PROVIDED INFORMATION ->
========================================================================
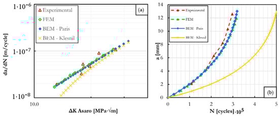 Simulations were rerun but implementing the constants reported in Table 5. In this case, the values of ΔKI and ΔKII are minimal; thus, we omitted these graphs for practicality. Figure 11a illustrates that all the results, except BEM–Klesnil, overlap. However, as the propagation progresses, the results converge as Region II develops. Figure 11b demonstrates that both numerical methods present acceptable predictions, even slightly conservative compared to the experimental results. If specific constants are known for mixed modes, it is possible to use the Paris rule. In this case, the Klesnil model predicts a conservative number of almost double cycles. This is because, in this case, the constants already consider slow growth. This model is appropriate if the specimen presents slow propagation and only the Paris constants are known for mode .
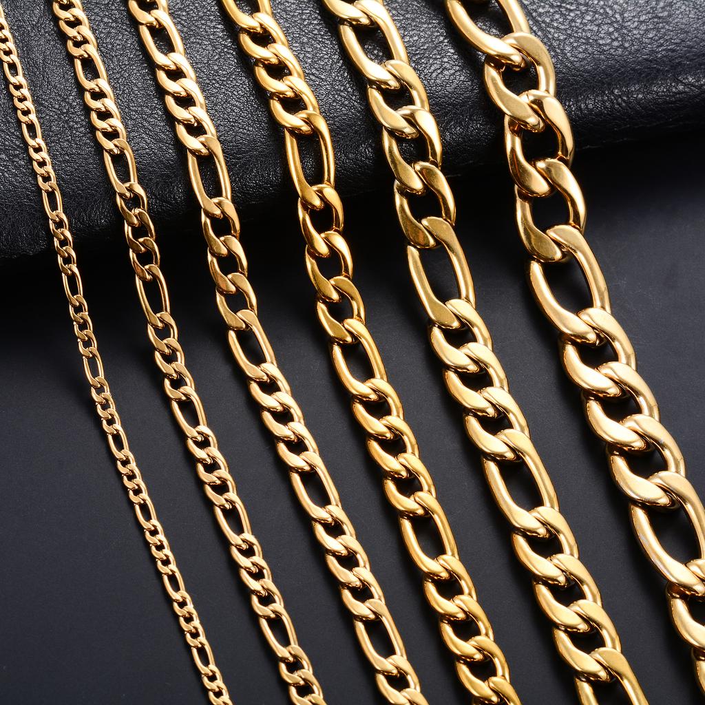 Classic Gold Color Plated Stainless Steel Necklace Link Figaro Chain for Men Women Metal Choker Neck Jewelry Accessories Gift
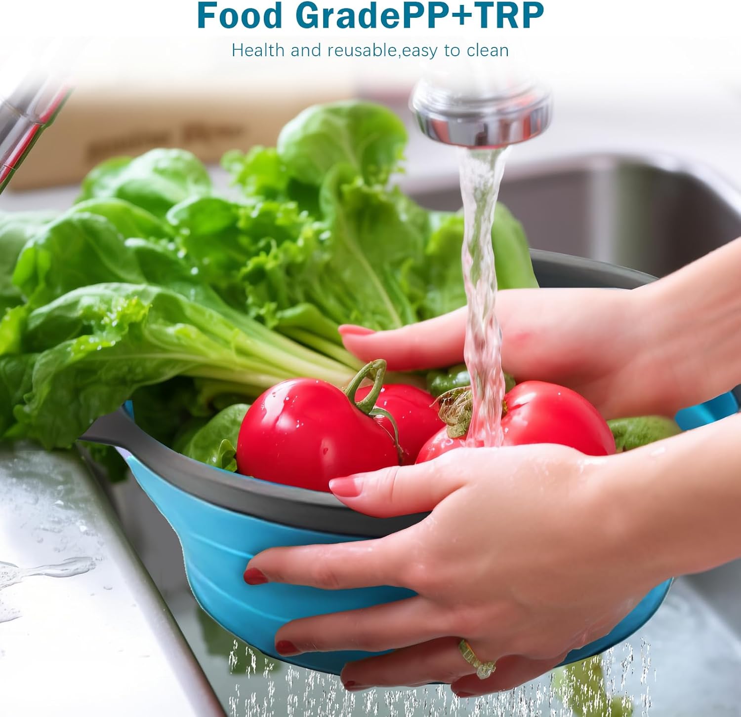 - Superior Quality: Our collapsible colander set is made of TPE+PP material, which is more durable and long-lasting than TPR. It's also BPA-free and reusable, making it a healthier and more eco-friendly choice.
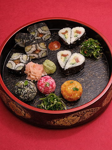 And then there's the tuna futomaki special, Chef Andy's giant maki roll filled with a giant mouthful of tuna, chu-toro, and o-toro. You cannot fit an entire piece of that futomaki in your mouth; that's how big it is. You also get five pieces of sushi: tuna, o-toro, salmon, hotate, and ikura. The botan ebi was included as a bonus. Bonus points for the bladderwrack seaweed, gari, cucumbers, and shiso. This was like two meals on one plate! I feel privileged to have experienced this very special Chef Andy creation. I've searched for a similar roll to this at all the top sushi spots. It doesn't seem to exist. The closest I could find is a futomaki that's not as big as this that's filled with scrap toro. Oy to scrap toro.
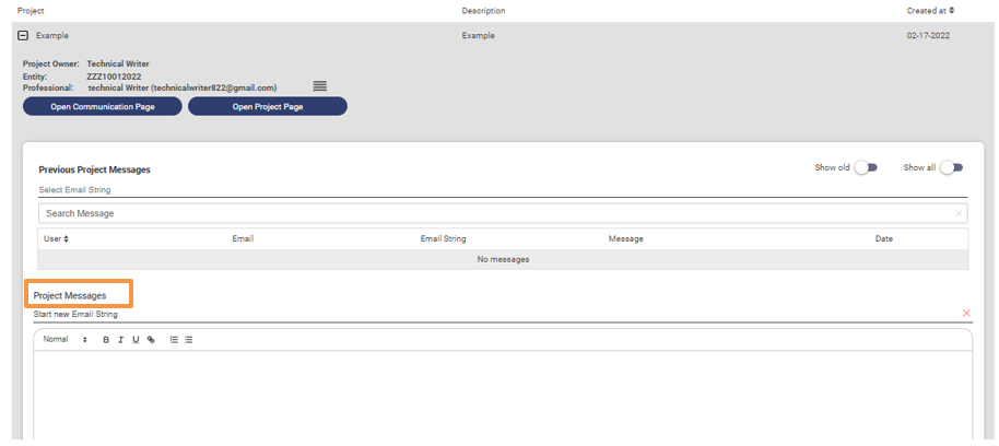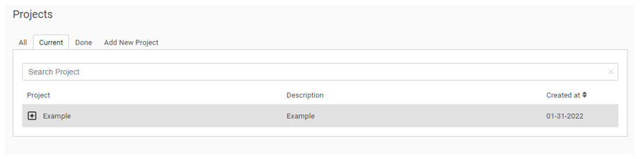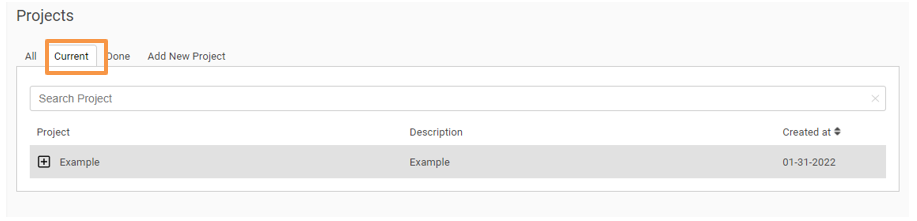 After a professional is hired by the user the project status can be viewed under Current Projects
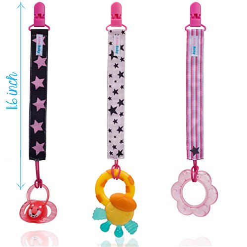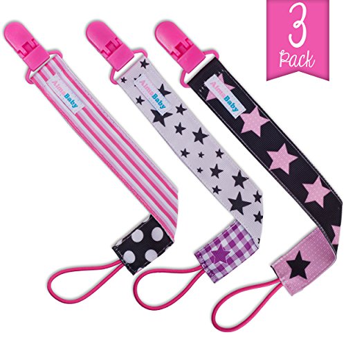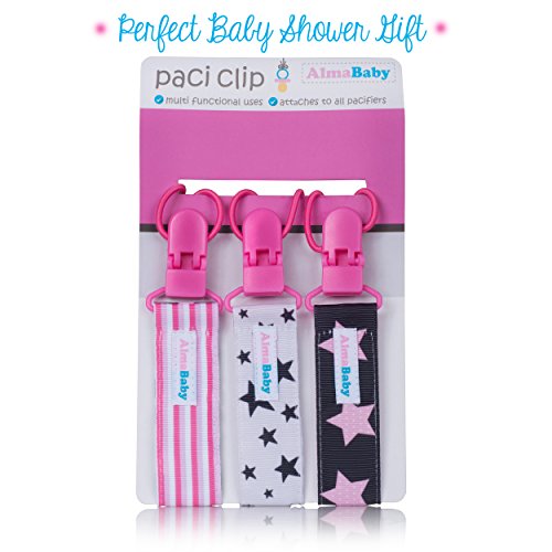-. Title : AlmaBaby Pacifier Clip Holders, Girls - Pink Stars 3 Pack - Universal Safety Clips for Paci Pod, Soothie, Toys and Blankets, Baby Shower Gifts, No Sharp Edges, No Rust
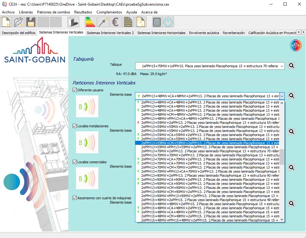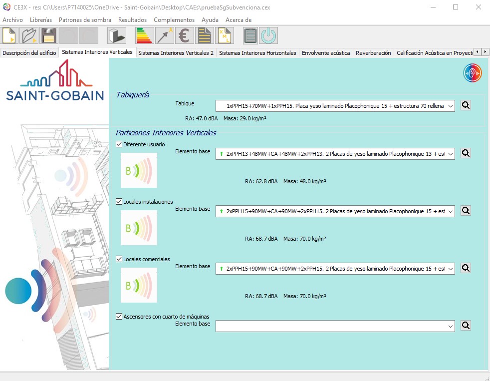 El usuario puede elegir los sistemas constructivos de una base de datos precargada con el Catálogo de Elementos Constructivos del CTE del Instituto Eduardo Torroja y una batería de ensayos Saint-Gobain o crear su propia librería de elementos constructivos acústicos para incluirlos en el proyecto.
========================================================================
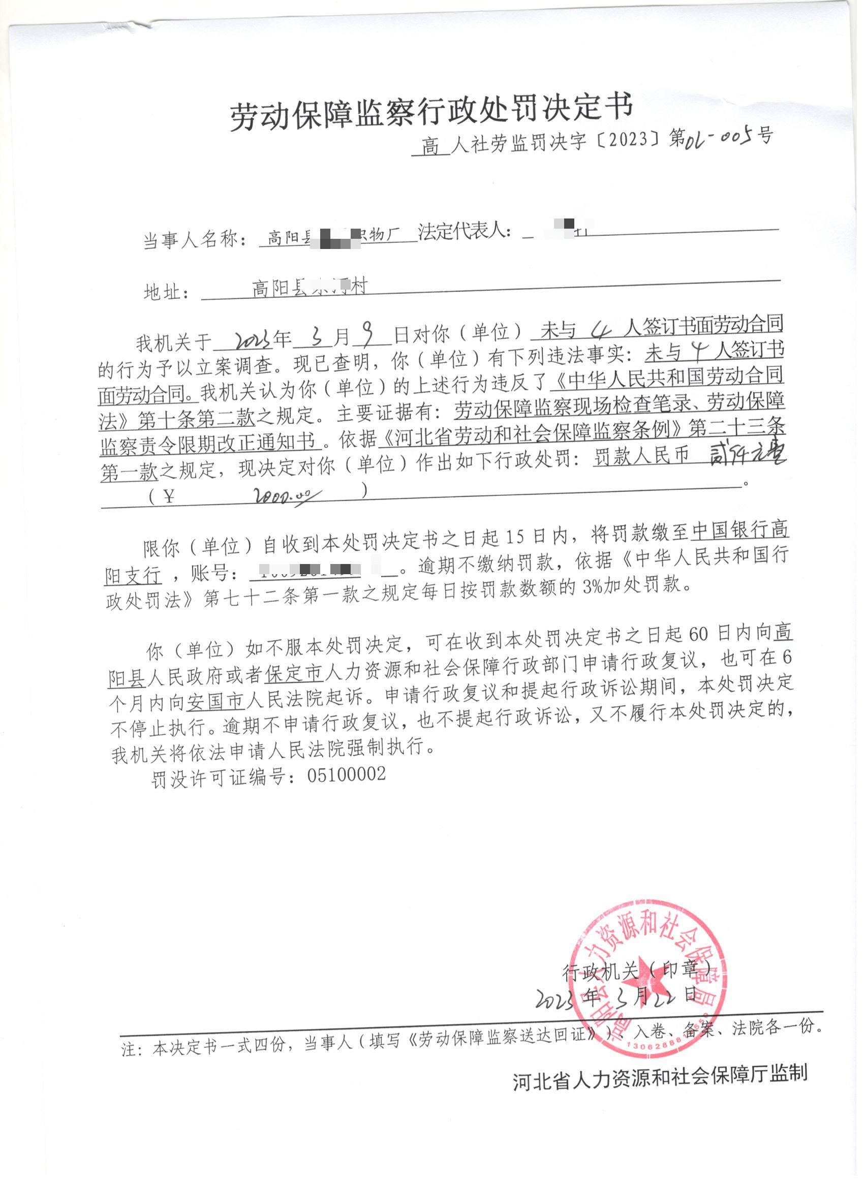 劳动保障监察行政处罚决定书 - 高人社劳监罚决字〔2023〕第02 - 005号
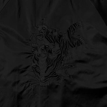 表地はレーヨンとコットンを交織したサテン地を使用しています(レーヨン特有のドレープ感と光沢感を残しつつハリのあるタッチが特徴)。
========================================================================
THE PROBLEM ->
Exercise for the records above: copy only the lines from the one with "After a professional" to the one with "-. Title : AlmaBaby", both ends kept, and drop the pictures.

SOLUTION TO THIS EXERCISE ->
 After a professional is hired by the user the project status can be viewed under Current Projects
-. Title : AlmaBaby Pacifier Clip Holders, Girls - Pink Stars 3 Pack - Universal Safety Clips for Paci Pod, Soothie, Toys and Blankets, Baby Shower Gifts, No Sharp Edges, No Rust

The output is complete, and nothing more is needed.